So it is not just lookup, but actual tree walking that is expensive. The
flip side is that you don't have to store a complete separate list of
the promised objects. Whether that's a win depends on how many local
objects you have, versus how many are promised.

But it would be possible to cache the promisor list to make the tradeoff
separately. E.g., do the walk over the promisor trees once (perhaps at
pack creation time), and store a sorted list of fixed-length (oid, type)
records that could be binary searched. You could even put it in the
.promisor file. :)

-Peff
Richard Oliver June 15, 2022, 5:40 p.m. UTC | #6
On 15/06/2022 05:00, Jeff King wrote:
> On Tue, Jun 14, 2022 at 08:35:16PM -0400, Taylor Blau wrote:
> 
>> On Tue, Jun 14, 2022 at 01:27:18PM -0400, Derrick Stolee wrote:
>>>> Did you have any other sort of performance test in mind? The remotes we
>>>> typically deal with are geographically far away and deal with a high volume
>>>> of traffic so we're keen to move behaviour to the client where it makes sense
>>>> to do so.
>>>
>>> I guess I wonder how large your promisor pack-files are in this test,
>>> since your implementation depends on for_each_packed_object(), which
>>> should be really inefficient if you're actually dealing with a large
>>> partial clone.
>>
>> I had the same thought. Storing data available in the promisor packs
>> into an oid_map is going to be expensive if there are many such objects.
>>
>> Is there a reason that we can't introduce a variant of
>> find_kept_pack_entry() that deals only with .promisor packs and look
>> these things up as-needed?
> 
> It's much worse than that. The promisor mechanism is fundamentally very
> inefficient in runtime, optimizing instead for size. Imagine I have a
> partial clone and I retrieve tree X, which points to a blob Y that I
> don't get. I have X in a promisor pack, and asking about it is
> efficient. But if I want to know about Y, I have no data structure
> mentioning Y except the tree X itself. So to enumerate all of the
> promisor edges, I have to walk all of the trees in the promisor pack.
> 
> So it is not just lookup, but actual tree walking that is expensive. The
> flip side is that you don't have to store a complete separate list of
> the promised objects. Whether that's a win depends on how many local
> objects you have, versus how many are promised.
> 
> But it would be possible to cache the promisor list to make the tradeoff
> separately. E.g., do the walk over the promisor trees once (perhaps at
> pack creation time), and store a sorted list of fixed-length (oid, type)
> records that could be binary searched. You could even put it in the
> .promisor file. :)
> 
> -Peff

I like the idea of caching the promisor list at pack creation time;
I'll start work on a patch set that implements this.

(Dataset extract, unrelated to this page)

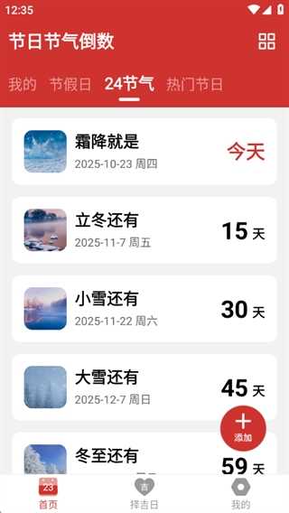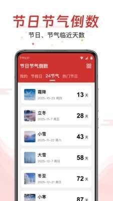 节日节气倒数(节气日历app哪个好)用户可以随时添加一些重要的日子,软件就会在相应的时间内进行提醒,防止用户忘记,同时还可以帮助用户进行各种日历查询以及二十四节气查询,24节气中倒数第三个非常的方便好用,界面简洁大方,喜欢可以往下继续看。

Meanwhile, is it worth considering a '--promised-as-missing' option
(or a config option) for invocations such as 'mktree --missing' that
prevents promised objects being faulted-in? Currently, the only
reliable way that I've found to prevent 'mktree --missing' faulting-in
promised objects is to remove the remote. Such an option could either
set the global variable 'fetch_if_missing' to '0' or could ensure
'OBJECT_INFO_SKIP_FETCH_OBJECT' is passed appropriately.

Cheers,
Richard
Derrick Stolee June 15, 2022, 6:17 p.m. UTC | #7
On 6/15/2022 1:40 PM, Richard Oliver wrote:
> On 15/06/2022 05:00, Jeff King wrote:

>> So it is not just lookup, but actual tree walking that is expensive. The
>> flip side is that you don't have to store a complete separate list of
>> the promised objects. Whether that's a win depends on how many local
>> objects you have, versus how many are promised.

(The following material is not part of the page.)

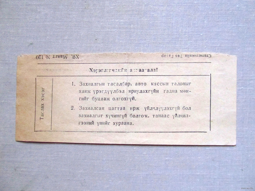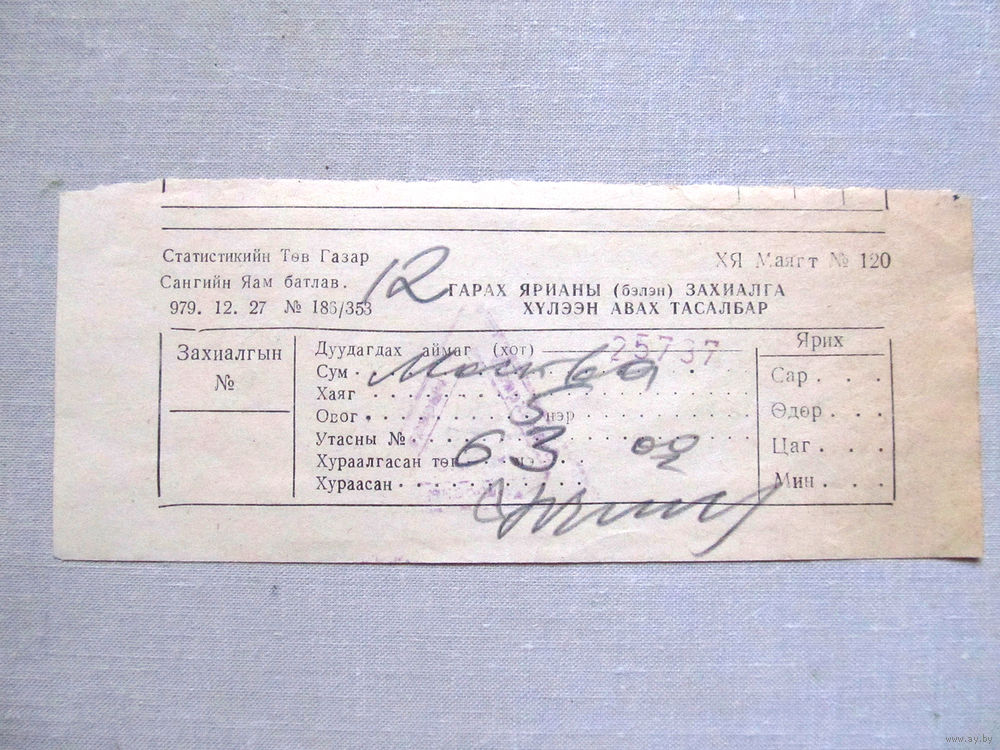 25-34Б Билет для бронирования исходящего звонка МО СССР Группа советских войск в Монголии МНР 39-я армия 1970-80-е

This is also why blobless (or blob-size filters) are the recommended way
to use partial clone. It's just too expensive to have tree misses.

>> But it would be possible to cache the promisor list to make the tradeoff
>> separately. E.g., do the walk over the promisor trees once (perhaps at
>> pack creation time), and store a sorted list of fixed-length (oid, type)
>> records that could be binary searched. You could even put it in the
>> .promisor file. :)
>>
>> -Peff
> 
> I like the idea of caching the promisor list at pack creation time;
> I'll start work on a patch set that implements this.
> 
> Meanwhile, is it worth considering a '--promised-as-missing' option
> (or a config option) for invocations such as 'mktree --missing' that
> prevents promised objects being faulted-in? Currently, the only
> reliable way that I've found to prevent 'mktree --missing' faulting-in
> promised objects is to remove the remote. Such an option could either
> set the global variable 'fetch_if_missing' to '0' or could ensure
> 'OBJECT_INFO_SKIP_FETCH_OBJECT' is passed appropriately.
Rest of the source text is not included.